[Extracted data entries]

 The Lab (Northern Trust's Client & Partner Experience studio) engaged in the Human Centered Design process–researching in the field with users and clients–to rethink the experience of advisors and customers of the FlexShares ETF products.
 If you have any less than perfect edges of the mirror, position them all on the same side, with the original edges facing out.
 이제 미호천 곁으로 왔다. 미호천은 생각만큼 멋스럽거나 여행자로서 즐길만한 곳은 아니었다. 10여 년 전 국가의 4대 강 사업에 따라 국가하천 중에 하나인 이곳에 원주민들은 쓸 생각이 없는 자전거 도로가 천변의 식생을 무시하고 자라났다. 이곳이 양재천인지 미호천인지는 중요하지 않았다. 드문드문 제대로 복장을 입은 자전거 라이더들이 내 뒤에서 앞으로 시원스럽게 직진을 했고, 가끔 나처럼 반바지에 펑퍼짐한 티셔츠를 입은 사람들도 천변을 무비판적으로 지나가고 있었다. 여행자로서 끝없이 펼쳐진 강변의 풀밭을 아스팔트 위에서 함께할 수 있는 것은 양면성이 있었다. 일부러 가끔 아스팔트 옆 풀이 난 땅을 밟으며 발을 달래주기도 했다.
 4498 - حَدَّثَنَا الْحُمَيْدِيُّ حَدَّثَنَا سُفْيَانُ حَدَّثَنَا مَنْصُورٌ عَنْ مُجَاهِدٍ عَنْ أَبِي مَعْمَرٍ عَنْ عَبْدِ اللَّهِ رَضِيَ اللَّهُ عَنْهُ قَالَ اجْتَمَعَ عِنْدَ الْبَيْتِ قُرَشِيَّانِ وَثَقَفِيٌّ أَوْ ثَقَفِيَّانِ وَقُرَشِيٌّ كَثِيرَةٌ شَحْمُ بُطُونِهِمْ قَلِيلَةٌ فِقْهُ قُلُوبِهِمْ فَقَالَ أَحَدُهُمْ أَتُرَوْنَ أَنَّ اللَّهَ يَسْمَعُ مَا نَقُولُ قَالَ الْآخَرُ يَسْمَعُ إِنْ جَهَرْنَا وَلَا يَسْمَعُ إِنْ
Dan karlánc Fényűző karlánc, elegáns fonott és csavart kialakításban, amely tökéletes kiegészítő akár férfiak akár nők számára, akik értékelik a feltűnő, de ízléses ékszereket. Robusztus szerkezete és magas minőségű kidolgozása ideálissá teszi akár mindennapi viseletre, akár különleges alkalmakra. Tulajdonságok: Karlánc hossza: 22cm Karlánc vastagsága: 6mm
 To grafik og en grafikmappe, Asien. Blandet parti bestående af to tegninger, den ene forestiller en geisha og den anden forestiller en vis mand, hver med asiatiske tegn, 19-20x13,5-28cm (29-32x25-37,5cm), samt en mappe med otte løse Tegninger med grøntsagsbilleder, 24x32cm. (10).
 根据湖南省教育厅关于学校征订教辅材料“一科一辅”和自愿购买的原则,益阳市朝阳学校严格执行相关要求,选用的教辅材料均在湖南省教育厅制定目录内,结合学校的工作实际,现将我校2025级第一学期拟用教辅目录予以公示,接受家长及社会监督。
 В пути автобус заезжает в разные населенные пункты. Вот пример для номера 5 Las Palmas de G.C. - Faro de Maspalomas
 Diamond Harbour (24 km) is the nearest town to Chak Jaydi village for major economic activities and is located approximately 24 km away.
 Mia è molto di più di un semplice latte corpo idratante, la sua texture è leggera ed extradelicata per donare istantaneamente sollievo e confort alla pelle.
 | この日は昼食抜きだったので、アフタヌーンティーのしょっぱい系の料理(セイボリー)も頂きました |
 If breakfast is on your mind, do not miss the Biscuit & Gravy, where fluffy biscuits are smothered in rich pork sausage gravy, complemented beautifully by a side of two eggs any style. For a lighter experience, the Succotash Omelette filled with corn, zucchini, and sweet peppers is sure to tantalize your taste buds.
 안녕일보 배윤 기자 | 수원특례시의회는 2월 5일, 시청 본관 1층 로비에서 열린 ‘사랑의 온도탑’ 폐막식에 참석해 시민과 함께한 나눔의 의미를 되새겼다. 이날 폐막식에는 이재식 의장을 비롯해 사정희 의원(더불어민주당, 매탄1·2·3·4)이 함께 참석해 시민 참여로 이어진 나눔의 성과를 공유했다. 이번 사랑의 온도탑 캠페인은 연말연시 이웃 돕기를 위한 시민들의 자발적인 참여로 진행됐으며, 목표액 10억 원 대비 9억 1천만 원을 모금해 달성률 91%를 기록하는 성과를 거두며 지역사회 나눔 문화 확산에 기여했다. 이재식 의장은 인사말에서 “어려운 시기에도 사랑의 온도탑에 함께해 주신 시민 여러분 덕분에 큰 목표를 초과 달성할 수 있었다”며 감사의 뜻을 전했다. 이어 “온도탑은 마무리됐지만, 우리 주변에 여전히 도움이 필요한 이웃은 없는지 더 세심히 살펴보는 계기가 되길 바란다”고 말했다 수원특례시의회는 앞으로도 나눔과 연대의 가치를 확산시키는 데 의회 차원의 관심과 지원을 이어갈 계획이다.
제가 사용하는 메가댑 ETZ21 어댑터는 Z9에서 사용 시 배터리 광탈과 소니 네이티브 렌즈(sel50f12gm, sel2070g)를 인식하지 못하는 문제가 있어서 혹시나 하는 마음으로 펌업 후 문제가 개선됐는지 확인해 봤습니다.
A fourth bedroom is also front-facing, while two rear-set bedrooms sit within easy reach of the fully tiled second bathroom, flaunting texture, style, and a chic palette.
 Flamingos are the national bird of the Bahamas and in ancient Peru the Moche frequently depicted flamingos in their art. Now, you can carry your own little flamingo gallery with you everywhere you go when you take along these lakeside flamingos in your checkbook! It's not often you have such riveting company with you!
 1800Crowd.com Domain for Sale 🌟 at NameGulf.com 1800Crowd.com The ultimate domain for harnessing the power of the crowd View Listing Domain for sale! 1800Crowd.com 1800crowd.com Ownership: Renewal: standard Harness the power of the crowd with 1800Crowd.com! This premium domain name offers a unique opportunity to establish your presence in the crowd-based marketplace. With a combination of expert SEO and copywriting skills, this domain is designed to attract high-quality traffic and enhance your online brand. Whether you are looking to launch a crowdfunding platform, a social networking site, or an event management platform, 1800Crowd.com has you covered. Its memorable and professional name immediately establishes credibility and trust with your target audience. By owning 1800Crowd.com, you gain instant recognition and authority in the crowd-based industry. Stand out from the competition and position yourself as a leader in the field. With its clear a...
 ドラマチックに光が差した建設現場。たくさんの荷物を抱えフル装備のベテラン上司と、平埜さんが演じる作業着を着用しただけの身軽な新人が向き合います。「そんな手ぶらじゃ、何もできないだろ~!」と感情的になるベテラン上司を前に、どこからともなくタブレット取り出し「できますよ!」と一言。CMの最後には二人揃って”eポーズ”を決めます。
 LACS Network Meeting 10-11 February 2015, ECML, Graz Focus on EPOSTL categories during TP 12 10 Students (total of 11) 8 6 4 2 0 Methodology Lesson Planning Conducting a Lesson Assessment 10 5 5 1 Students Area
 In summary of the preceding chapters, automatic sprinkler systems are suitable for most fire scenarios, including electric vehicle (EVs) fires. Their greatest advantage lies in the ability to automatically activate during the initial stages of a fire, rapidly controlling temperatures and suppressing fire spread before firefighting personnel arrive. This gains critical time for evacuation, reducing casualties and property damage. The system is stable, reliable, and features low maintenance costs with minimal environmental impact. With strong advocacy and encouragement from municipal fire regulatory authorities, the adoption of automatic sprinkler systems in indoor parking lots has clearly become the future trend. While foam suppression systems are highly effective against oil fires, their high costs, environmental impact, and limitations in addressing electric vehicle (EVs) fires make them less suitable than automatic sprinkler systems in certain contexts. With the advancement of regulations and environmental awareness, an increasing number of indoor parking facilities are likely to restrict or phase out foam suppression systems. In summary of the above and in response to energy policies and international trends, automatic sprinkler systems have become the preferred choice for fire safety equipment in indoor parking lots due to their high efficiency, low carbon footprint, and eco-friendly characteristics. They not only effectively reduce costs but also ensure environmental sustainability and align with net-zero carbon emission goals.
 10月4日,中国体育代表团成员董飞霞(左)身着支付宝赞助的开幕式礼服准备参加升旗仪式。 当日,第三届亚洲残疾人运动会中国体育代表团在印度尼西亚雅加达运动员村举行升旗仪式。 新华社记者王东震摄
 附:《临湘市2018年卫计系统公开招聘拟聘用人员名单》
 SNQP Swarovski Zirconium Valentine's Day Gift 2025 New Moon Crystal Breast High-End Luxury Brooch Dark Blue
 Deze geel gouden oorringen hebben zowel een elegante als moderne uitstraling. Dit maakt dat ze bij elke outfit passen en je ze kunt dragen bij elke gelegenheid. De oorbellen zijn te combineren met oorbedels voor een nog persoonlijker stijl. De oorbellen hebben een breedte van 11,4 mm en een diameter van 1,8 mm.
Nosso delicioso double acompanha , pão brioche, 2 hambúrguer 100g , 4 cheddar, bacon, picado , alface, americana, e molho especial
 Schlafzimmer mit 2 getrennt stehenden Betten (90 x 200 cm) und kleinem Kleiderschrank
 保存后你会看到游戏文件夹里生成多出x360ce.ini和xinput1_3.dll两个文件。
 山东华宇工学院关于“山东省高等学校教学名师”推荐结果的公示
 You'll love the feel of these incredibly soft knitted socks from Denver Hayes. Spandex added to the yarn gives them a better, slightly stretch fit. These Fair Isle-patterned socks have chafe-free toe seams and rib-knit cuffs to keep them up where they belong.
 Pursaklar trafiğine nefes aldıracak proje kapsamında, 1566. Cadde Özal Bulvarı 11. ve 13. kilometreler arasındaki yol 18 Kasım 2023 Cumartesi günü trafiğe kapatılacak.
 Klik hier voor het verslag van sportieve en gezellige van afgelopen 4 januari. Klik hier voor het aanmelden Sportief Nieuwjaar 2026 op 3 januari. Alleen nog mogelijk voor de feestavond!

• **Goal of the exercise**: Give an exact reproduction of the lines from the one with "SNQP Swarovski Zirconium" to the final line of the entries, including both.

• **Final answer**:
 SNQP Swarovski Zirconium Valentine's Day Gift 2025 New Moon Crystal Breast High-End Luxury Brooch Dark Blue
 Deze geel gouden oorringen hebben zowel een elegante als moderne uitstraling. Dit maakt dat ze bij elke outfit passen en je ze kunt dragen bij elke gelegenheid. De oorbellen zijn te combineren met oorbedels voor een nog persoonlijker stijl. De oorbellen hebben een breedte van 11,4 mm en een diameter van 1,8 mm.
Nosso delicioso double acompanha , pão brioche, 2 hambúrguer 100g , 4 cheddar, bacon, picado , alface, americana, e molho especial
 Schlafzimmer mit 2 getrennt stehenden Betten (90 x 200 cm) und kleinem Kleiderschrank
 保存后你会看到游戏文件夹里生成多出x360ce.ini和xinput1_3.dll两个文件。
 山东华宇工学院关于“山东省高等学校教学名师”推荐结果的公示
 You'll love the feel of these incredibly soft knitted socks from Denver Hayes. Spandex added to the yarn gives them a better, slightly stretch fit. These Fair Isle-patterned socks have chafe-free toe seams and rib-knit cuffs to keep them up where they belong.
 Pursaklar trafiğine nefes aldıracak proje kapsamında, 1566. Cadde Özal Bulvarı 11. ve 13. kilometreler arasındaki yol 18 Kasım 2023 Cumartesi günü trafiğe kapatılacak.
 Klik hier voor het verslag van sportieve en gezellige van afgelopen 4 januari. Klik hier voor het aanmelden Sportief Nieuwjaar 2026 op 3 januari. Alleen nog mogelijk voor de feestavond!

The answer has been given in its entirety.